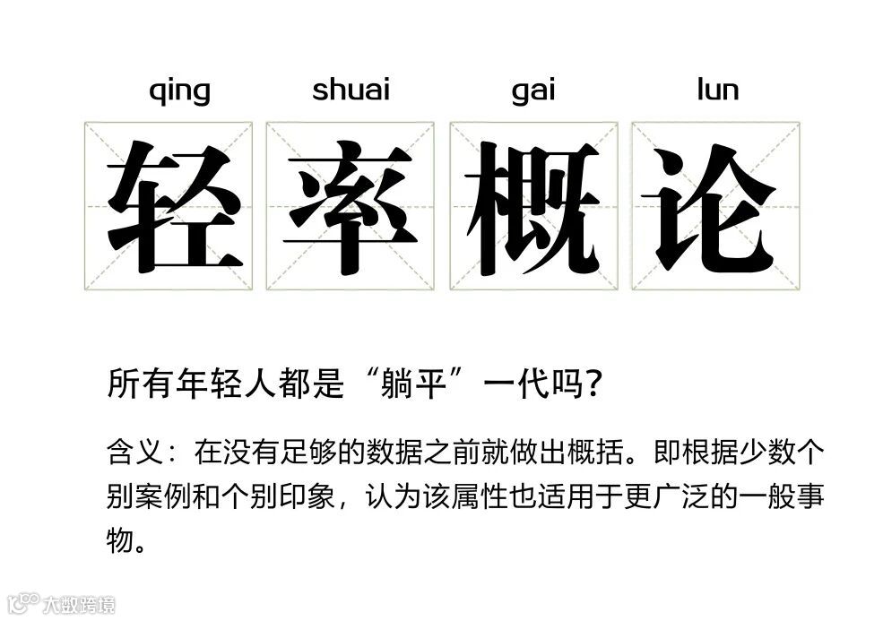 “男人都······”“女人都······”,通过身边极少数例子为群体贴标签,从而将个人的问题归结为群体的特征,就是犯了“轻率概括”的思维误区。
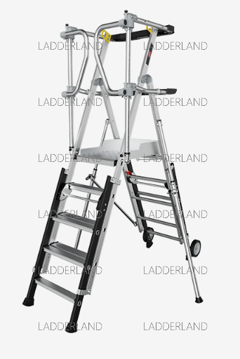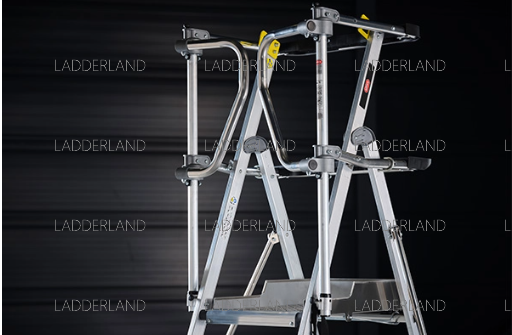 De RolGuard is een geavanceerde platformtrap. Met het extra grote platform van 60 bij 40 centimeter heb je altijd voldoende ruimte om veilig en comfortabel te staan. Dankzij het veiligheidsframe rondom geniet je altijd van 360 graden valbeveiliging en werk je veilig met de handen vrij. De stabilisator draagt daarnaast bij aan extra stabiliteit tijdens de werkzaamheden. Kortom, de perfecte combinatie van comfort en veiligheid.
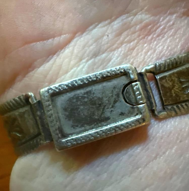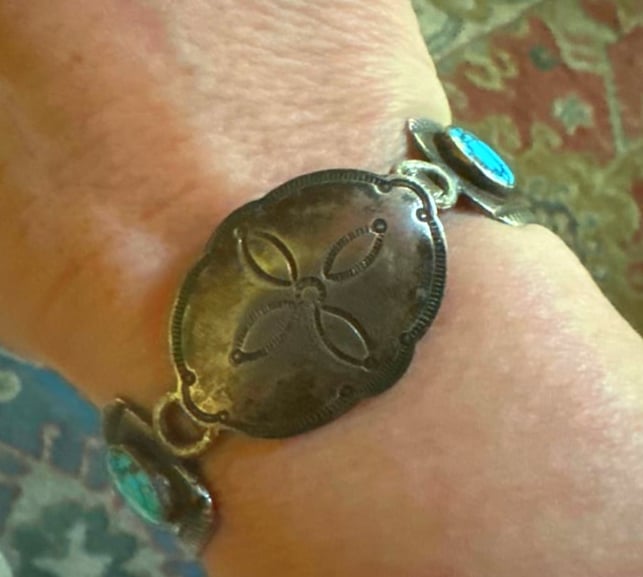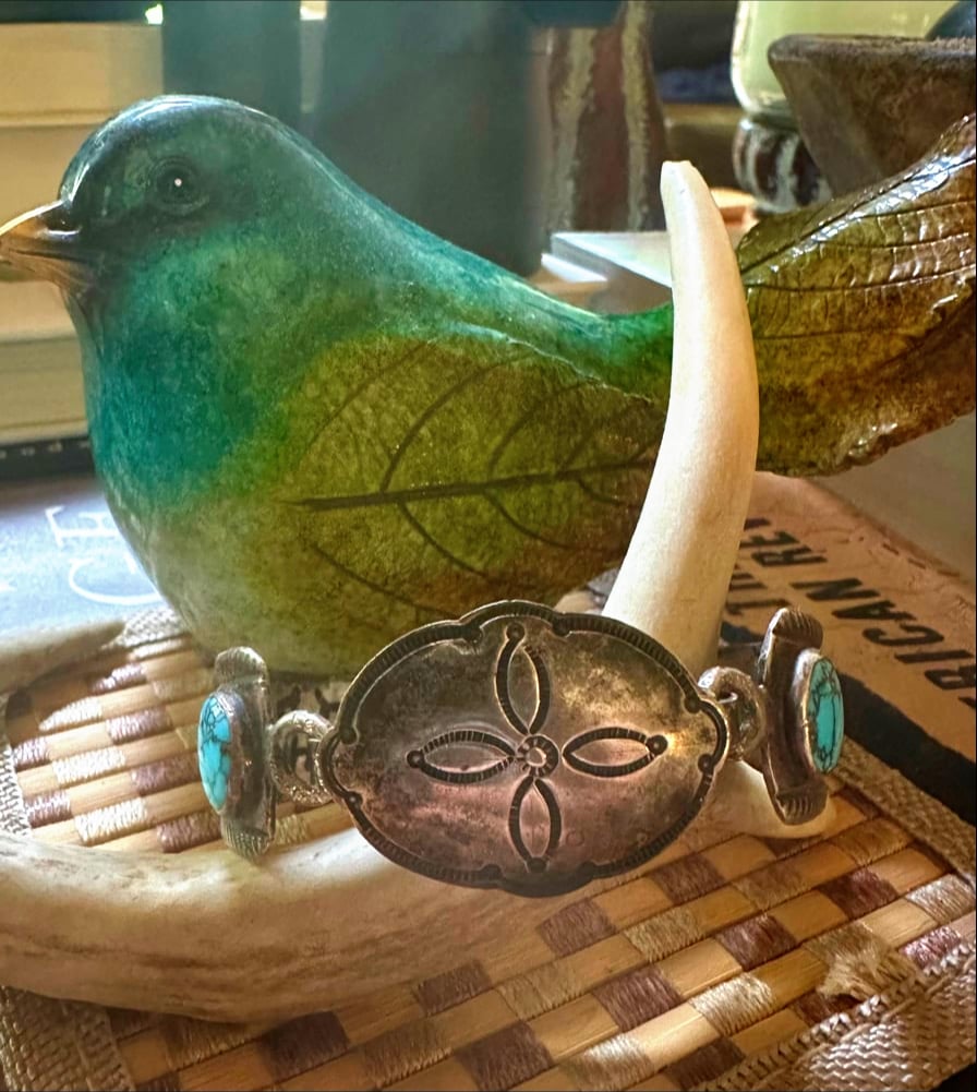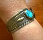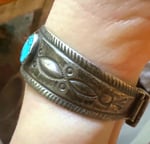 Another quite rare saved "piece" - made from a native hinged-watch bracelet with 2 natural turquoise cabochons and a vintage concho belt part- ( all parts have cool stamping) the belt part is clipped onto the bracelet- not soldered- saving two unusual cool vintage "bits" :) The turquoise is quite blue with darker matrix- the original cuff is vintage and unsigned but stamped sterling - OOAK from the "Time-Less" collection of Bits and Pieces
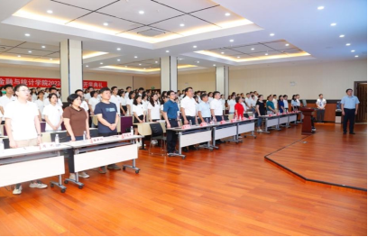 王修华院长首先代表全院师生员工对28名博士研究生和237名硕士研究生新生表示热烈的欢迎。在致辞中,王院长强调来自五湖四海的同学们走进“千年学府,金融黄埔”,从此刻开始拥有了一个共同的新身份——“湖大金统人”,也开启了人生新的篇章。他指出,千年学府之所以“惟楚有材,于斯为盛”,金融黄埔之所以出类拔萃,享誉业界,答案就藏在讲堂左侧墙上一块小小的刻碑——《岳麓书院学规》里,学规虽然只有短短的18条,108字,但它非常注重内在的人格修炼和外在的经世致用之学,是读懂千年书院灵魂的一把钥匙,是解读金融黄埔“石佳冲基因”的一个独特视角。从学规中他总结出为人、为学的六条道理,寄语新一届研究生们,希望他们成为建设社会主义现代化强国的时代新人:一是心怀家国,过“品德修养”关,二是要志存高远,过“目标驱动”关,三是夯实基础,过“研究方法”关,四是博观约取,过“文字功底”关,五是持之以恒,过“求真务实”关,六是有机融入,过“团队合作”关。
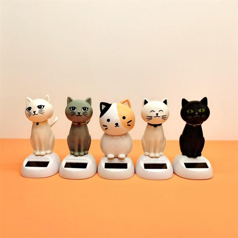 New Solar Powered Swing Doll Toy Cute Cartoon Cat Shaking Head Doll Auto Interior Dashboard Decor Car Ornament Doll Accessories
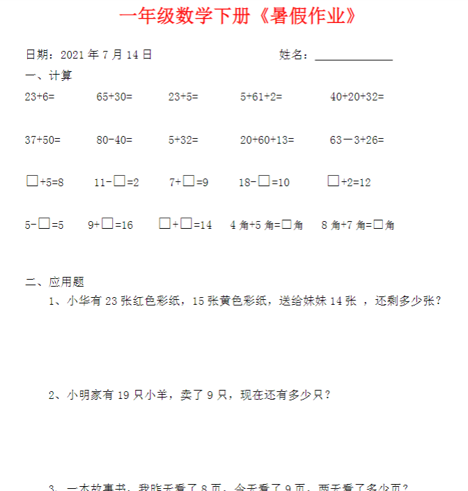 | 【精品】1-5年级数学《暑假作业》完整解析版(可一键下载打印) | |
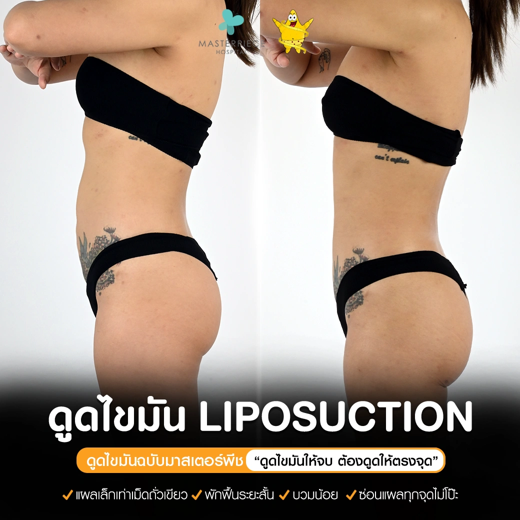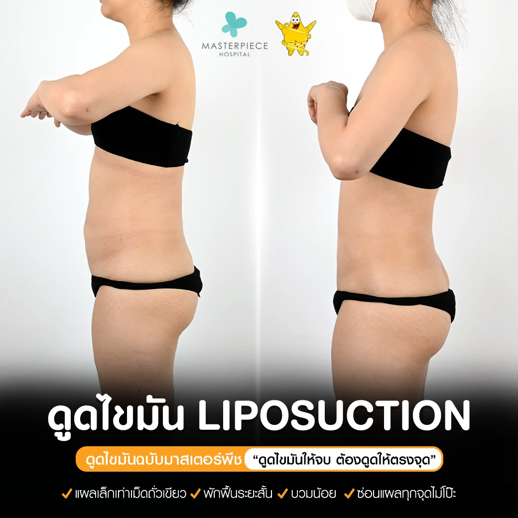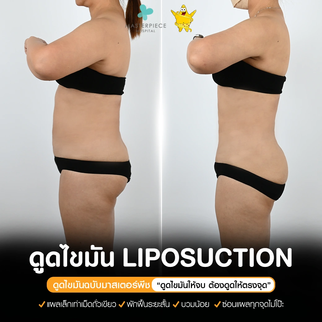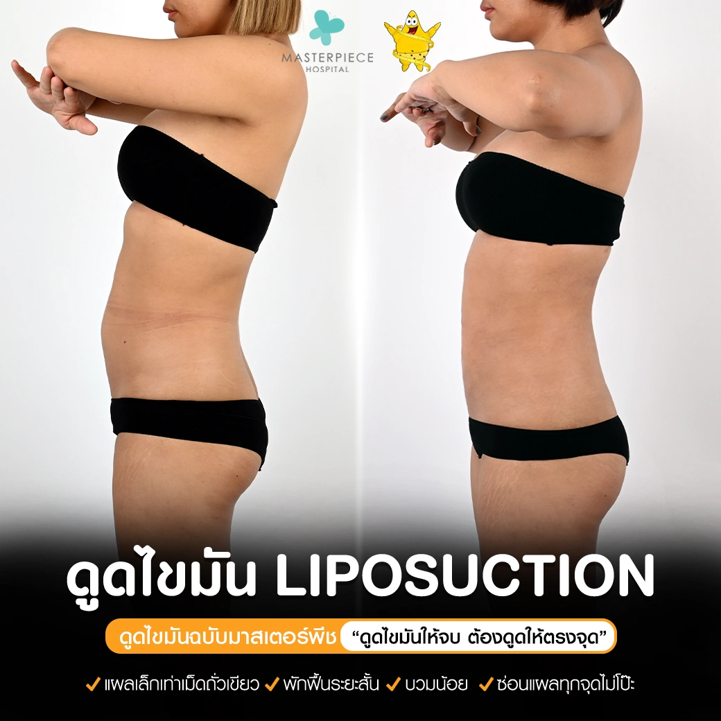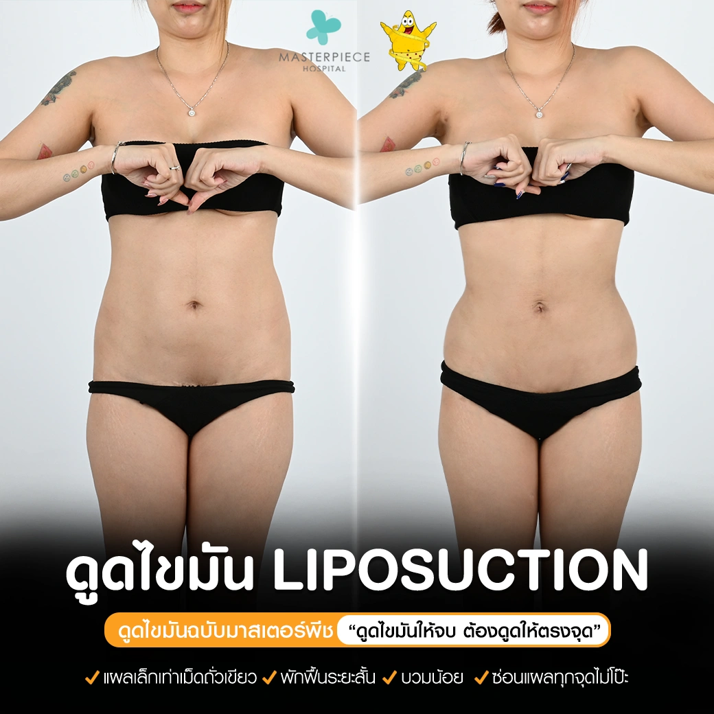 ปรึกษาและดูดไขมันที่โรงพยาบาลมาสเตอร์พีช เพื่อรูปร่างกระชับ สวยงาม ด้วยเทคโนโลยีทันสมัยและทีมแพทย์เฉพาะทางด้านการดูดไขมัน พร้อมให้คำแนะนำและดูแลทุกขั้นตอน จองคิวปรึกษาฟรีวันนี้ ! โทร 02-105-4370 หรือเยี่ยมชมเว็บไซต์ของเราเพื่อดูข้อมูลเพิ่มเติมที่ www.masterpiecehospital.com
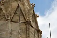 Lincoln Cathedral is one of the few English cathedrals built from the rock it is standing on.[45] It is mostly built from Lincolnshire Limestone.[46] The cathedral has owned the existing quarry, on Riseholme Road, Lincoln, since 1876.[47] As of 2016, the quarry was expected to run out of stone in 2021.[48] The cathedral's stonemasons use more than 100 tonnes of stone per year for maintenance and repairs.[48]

## EXERCISE INSTRUCTIONS
Copy exactly, please, every line from the one holding "พร้อมให้คำแนะนำและดูแลทุกขั้นตอน จองคิวปรึกษาฟรีวันนี้ !" through the last line of the data, both ends included, and no pictures.

## TASK RESULT
 ปรึกษาและดูดไขมันที่โรงพยาบาลมาสเตอร์พีช เพื่อรูปร่างกระชับ สวยงาม ด้วยเทคโนโลยีทันสมัยและทีมแพทย์เฉพาะทางด้านการดูดไขมัน พร้อมให้คำแนะนำและดูแลทุกขั้นตอน จองคิวปรึกษาฟรีวันนี้ ! โทร 02-105-4370 หรือเยี่ยมชมเว็บไซต์ของเราเพื่อดูข้อมูลเพิ่มเติมที่ www.masterpiecehospital.com
 Lincoln Cathedral is one of the few English cathedrals built from the rock it is standing on.[45] It is mostly built from Lincolnshire Limestone.[46] The cathedral has owned the existing quarry, on Riseholme Road, Lincoln, since 1876.[47] As of 2016, the quarry was expected to run out of stone in 2021.[48] The cathedral's stonemasons use more than 100 tonnes of stone per year for maintenance and repairs.[48]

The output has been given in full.